HOW TO COMPLETE THIS TASK:
Where the lines below hold images, skip those and copy every word exactly.

[STORED DATA — start]

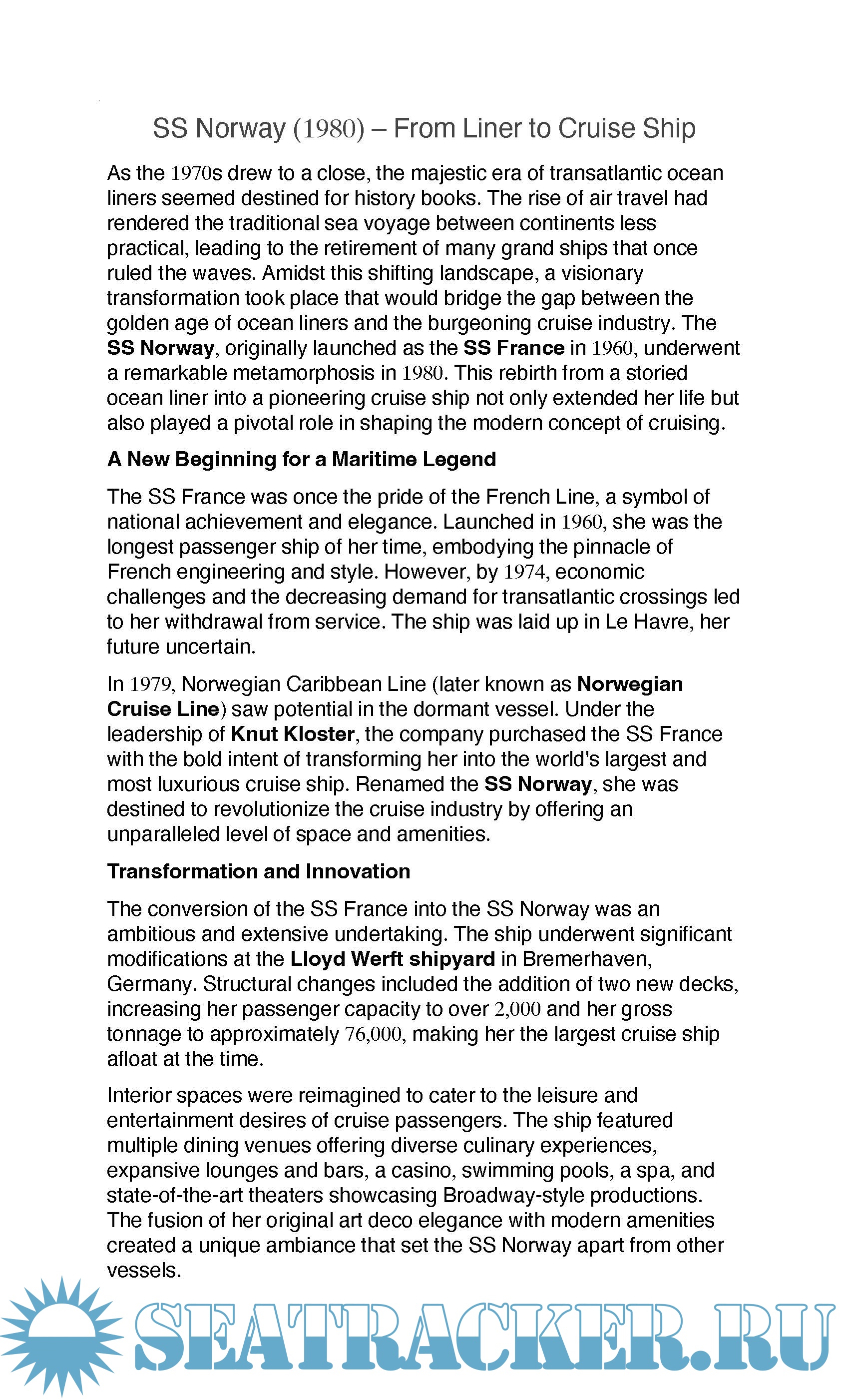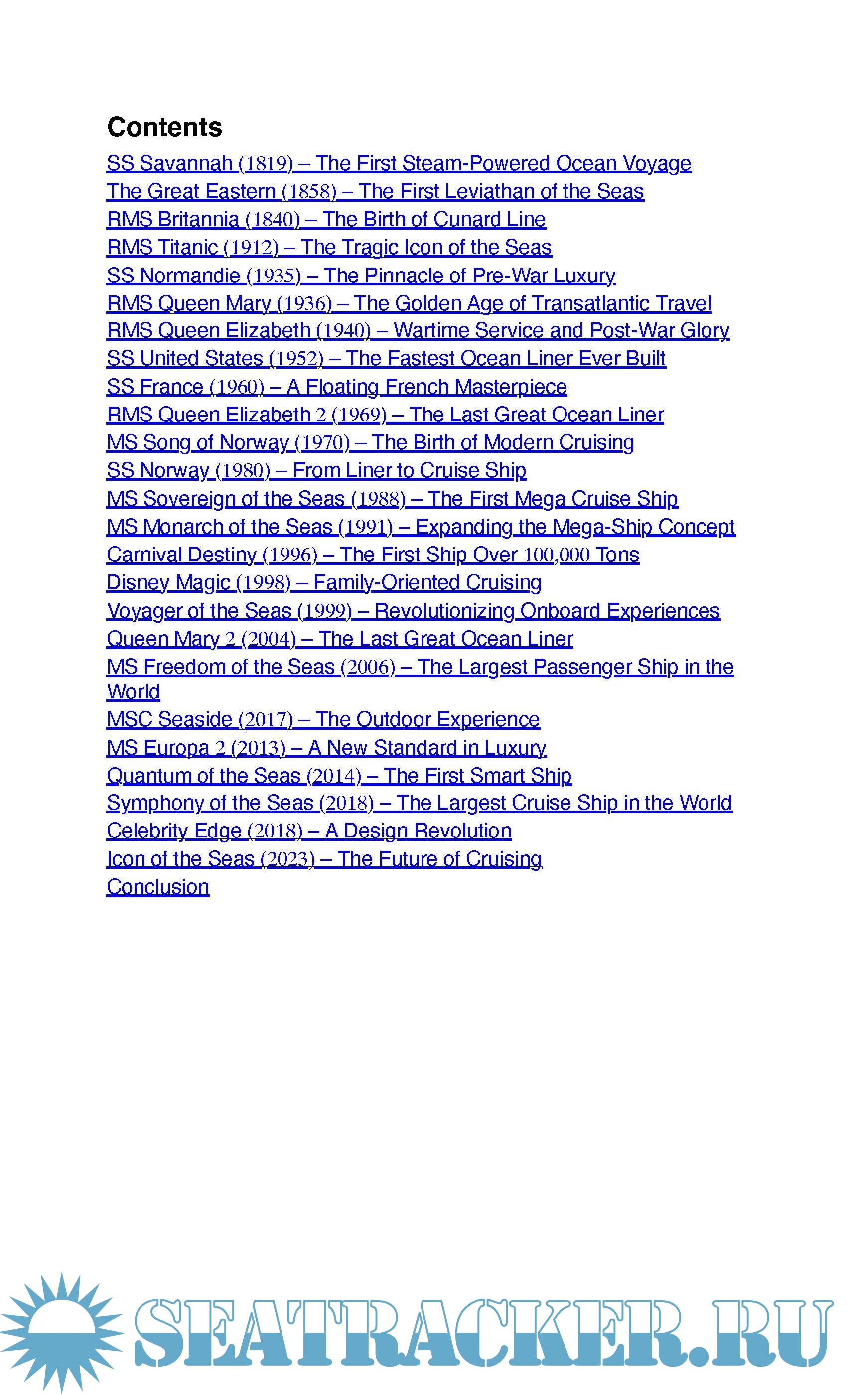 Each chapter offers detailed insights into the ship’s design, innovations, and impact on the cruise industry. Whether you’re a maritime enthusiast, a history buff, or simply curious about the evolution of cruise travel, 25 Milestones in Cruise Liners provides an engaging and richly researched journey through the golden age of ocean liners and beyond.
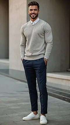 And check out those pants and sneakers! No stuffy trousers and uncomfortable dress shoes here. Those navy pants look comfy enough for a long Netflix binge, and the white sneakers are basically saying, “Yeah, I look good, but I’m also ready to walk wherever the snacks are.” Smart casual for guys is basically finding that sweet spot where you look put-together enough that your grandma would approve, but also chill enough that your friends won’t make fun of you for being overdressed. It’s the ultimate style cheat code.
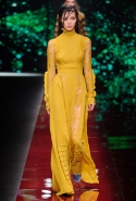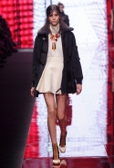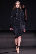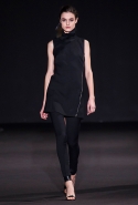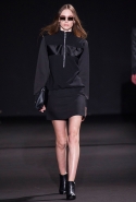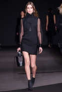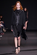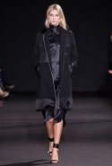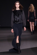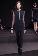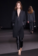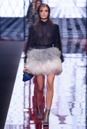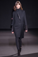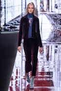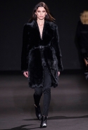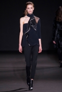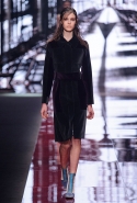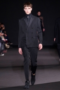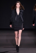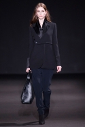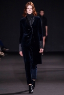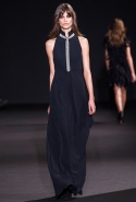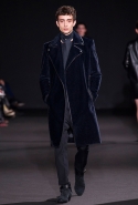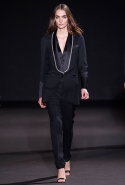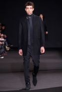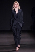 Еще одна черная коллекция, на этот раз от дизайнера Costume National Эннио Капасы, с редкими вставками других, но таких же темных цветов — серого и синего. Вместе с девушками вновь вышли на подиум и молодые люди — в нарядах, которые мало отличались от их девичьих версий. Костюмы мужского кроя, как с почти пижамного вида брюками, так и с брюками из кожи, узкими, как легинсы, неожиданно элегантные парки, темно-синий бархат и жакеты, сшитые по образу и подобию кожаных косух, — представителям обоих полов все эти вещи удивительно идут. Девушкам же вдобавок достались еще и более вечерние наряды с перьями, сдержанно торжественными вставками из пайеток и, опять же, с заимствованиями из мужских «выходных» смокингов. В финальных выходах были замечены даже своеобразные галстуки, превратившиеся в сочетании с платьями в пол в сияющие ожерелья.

[STORED DATA — finish]

SOLVED PROBLEM:
 Each chapter offers detailed insights into the ship’s design, innovations, and impact on the cruise industry. Whether you’re a maritime enthusiast, a history buff, or simply curious about the evolution of cruise travel, 25 Milestones in Cruise Liners provides an engaging and richly researched journey through the golden age of ocean liners and beyond.
 And check out those pants and sneakers! No stuffy trousers and uncomfortable dress shoes here. Those navy pants look comfy enough for a long Netflix binge, and the white sneakers are basically saying, “Yeah, I look good, but I’m also ready to walk wherever the snacks are.” Smart casual for guys is basically finding that sweet spot where you look put-together enough that your grandma would approve, but also chill enough that your friends won’t make fun of you for being overdressed. It’s the ultimate style cheat code.
 Еще одна черная коллекция, на этот раз от дизайнера Costume National Эннио Капасы, с редкими вставками других, но таких же темных цветов — серого и синего. Вместе с девушками вновь вышли на подиум и молодые люди — в нарядах, которые мало отличались от их девичьих версий. Костюмы мужского кроя, как с почти пижамного вида брюками, так и с брюками из кожи, узкими, как легинсы, неожиданно элегантные парки, темно-синий бархат и жакеты, сшитые по образу и подобию кожаных косух, — представителям обоих полов все эти вещи удивительно идут. Девушкам же вдобавок достались еще и более вечерние наряды с перьями, сдержанно торжественными вставками из пайеток и, опять же, с заимствованиями из мужских «выходных» смокингов. В финальных выходах были замечены даже своеобразные галстуки, превратившиеся в сочетании с платьями в пол в сияющие ожерелья.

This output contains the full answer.